Time series forecasting with LLM-based foundation models and scalable AIOps on AWS

Time series forecasting is critical for decision-making across industries. From predicting traffic flow to sales forecasting, accurate predictions enable organizations to make informed decisions, mitigate risks, and allocate resources efficiently. However, traditional machine learning approaches often require extensive data-specific tuning and model customization, resulting in lengthy and resource-heavy development.

Enter Chronos, a cutting-edge family of time series models that uses the power of large language model (LLM) architectures to break through these hurdles. As a foundation model, Chronos is pre-trained on large and diverse datasets, enabling it to generalize forecasting capabilities across multiple domains. This innovative approach allows Chronos to excel at zero-shot forecasts—predictions made without specific training on the target dataset. Chronos outperforms task-specific models across most benchmarked datasets.

Chronos is founded on a key insight: both LLMs and time series forecasting aim to decode sequential patterns to predict future events.

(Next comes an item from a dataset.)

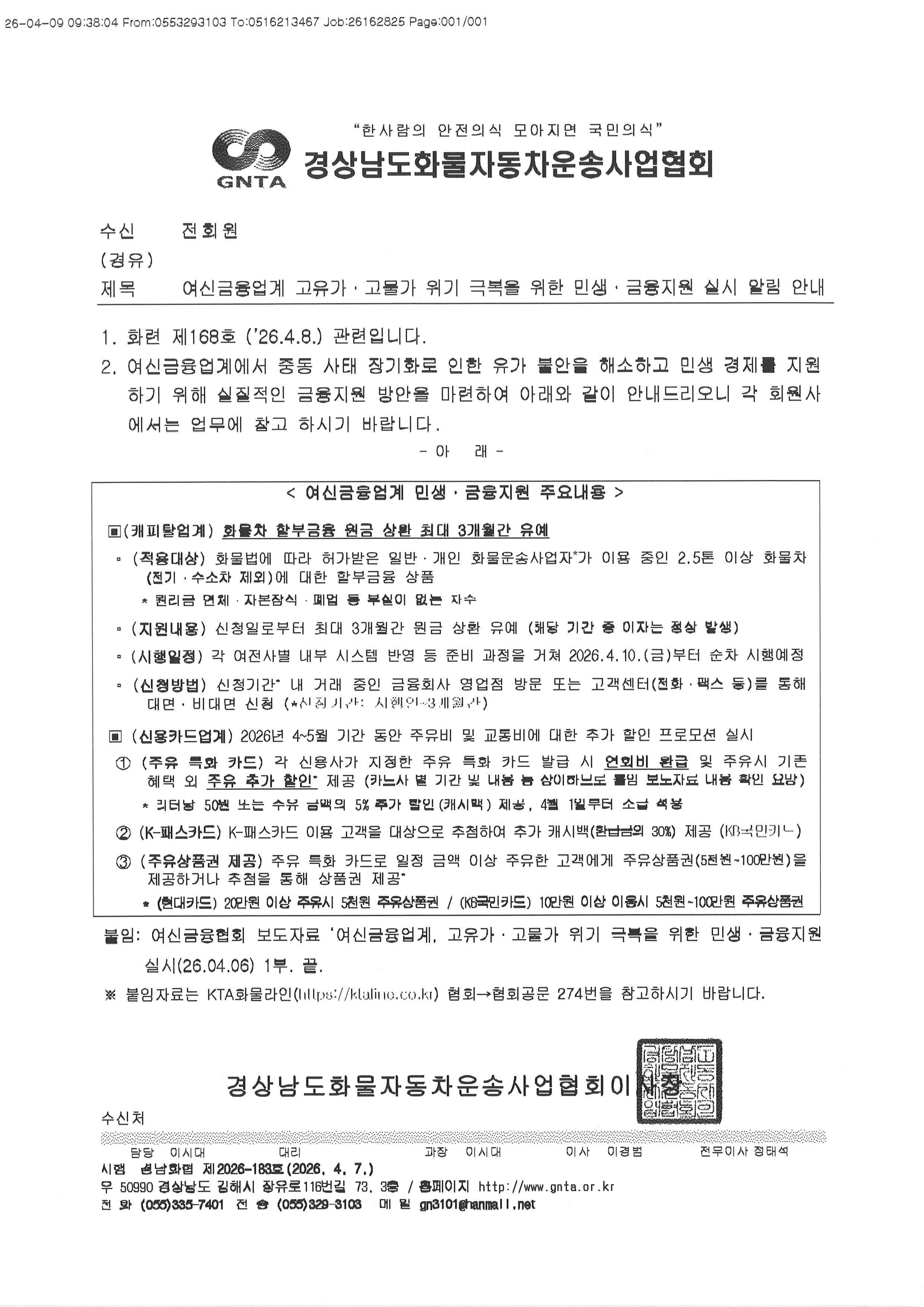 여신금융업계 고유가.고물가. 위기 극복을 위한 민생.금융지원 실시 알림 안내 관리자 0 21 04.09 12:02 2026.04.09 12:02 20260409114904.pdf (277.8K) + 1

This parallel allows us to treat time series data as a language to be modeled by off-the-shelf transformer architectures. To make this possible, Chronos converts continuous time series data into a discrete vocabulary through a two-step process of scaling the time series by its absolute mean and then quantizing the scaled time series into a fixed number of equally spaced bins.

In this blog post, we will guide you through the process of integrating Chronos into Amazon SageMaker Pipeline using a synthetic dataset that simulates a sales forecasting scenario, unlocking accurate and efficient predictions with minimal data. You will learn how to use features to orchestrate the entire workflow from fine-tuning to deployment. By the end of this journey, you will be equipped to streamline your development process and apply Chronos to any time series data, transforming your forecasting approach.

Prerequisites

SageMaker domain access with required IAM permissions: You need to have access to a SageMaker domain with the necessary AWS Identity and Access Management (IAM) permissions to create and manage resources. Make sure that you have the required permissions to create notebooks, deploy models, and perform other tasks outlined in this post. See quick setup for Amazon SageMaker AI for instructions about setting up a SageMaker domain. To follow along, see the code in GitHub.

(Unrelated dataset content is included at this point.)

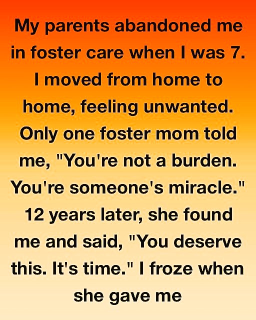 My parents abandoned me in foster care when I was 7. I moved from home to home, feeling unwanted. Only one foster mom told me, “You’re not a burden. You’re someone’s miracle.” 12 years later, she found me and said, “You deserve this. It’s time.” I froze when she gave me a thick envelope, shaking slightly in her hand.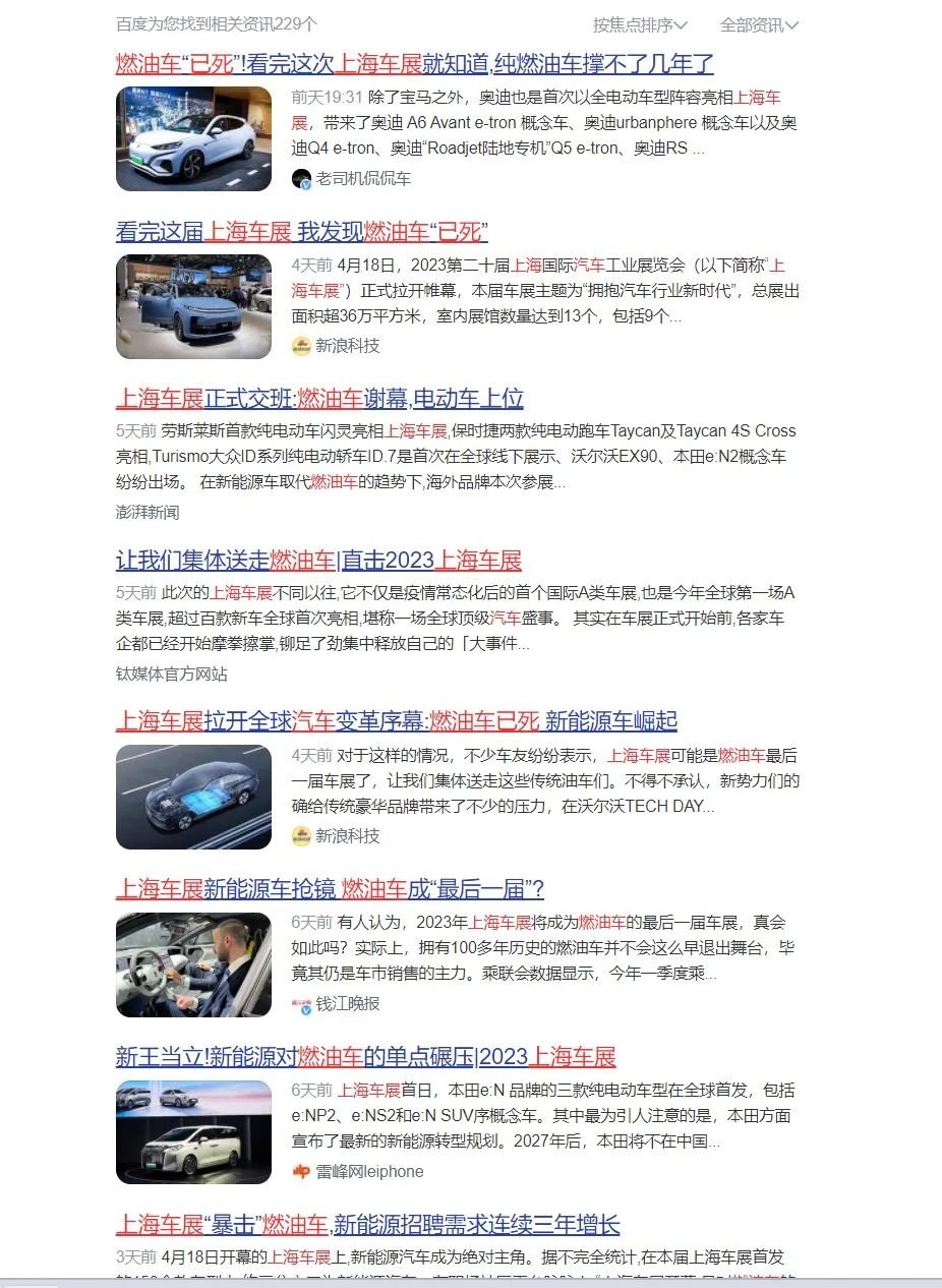 不少业内人士开始声调一致的唱衰燃油车:表示看完这次车展,就知道“燃油车“已死”!纯燃油车撑不了几年了”、上海车展把燃油车逼到了墙角、燃油车进入倒计时、这可能是燃油车最后一次车展了等等。

Click here to open the AWS console and follow along.

Overview of SageMaker Pipelines

We use SageMaker Pipelines to orchestrate training and evaluation experiments. With Amazon SageMaker Pipelines, you can:

Run multiple experiment iterations simultaneously, reducing overall processing time and cost
Monitor and visualize the performance of each experiment run with Studio integration
Invoke downstream workflows for further analysis, deployment, or model selection

Training pipeline

Generate data

The availability and quality of public time series data are limited compared to the extensive high-quality text datasets available in the natural language processing (NLP) domain. This disparity poses challenges for training models intended for zero-shot forecasting, which requires large-scale, diverse time series data. Given that we’re fine-tuning a pretrained Chronos model, we use only a small set of synthetically generated data.

To generate diverse time series patterns, the first step in our pipeline generates a synthetic dataset using a kernel bank of basis kernels. These kernels define fundamental time series patterns, including linear trends, smooth local variations, and seasonality. By combining these kernels through random binary operations, we create complex, synthetic time series data. This process allows us to generate intricate patterns from simple basis kernels.

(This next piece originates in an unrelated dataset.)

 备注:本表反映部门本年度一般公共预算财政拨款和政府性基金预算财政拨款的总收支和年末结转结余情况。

This data processing job is accomplished using a PyTorchProcessor, which runs PyTorch code (generate_data.py) within a container managed by SageMaker. Data and other relevant artifacts for debugging are located in the default Amazon Simple Storage Service (Amazon S3) bucket associated with the SageMaker account. Logs for each step in the pipeline can be found in Amazon CloudWatch.

base_job_name = f"{pipeline_name}/data-generation-step"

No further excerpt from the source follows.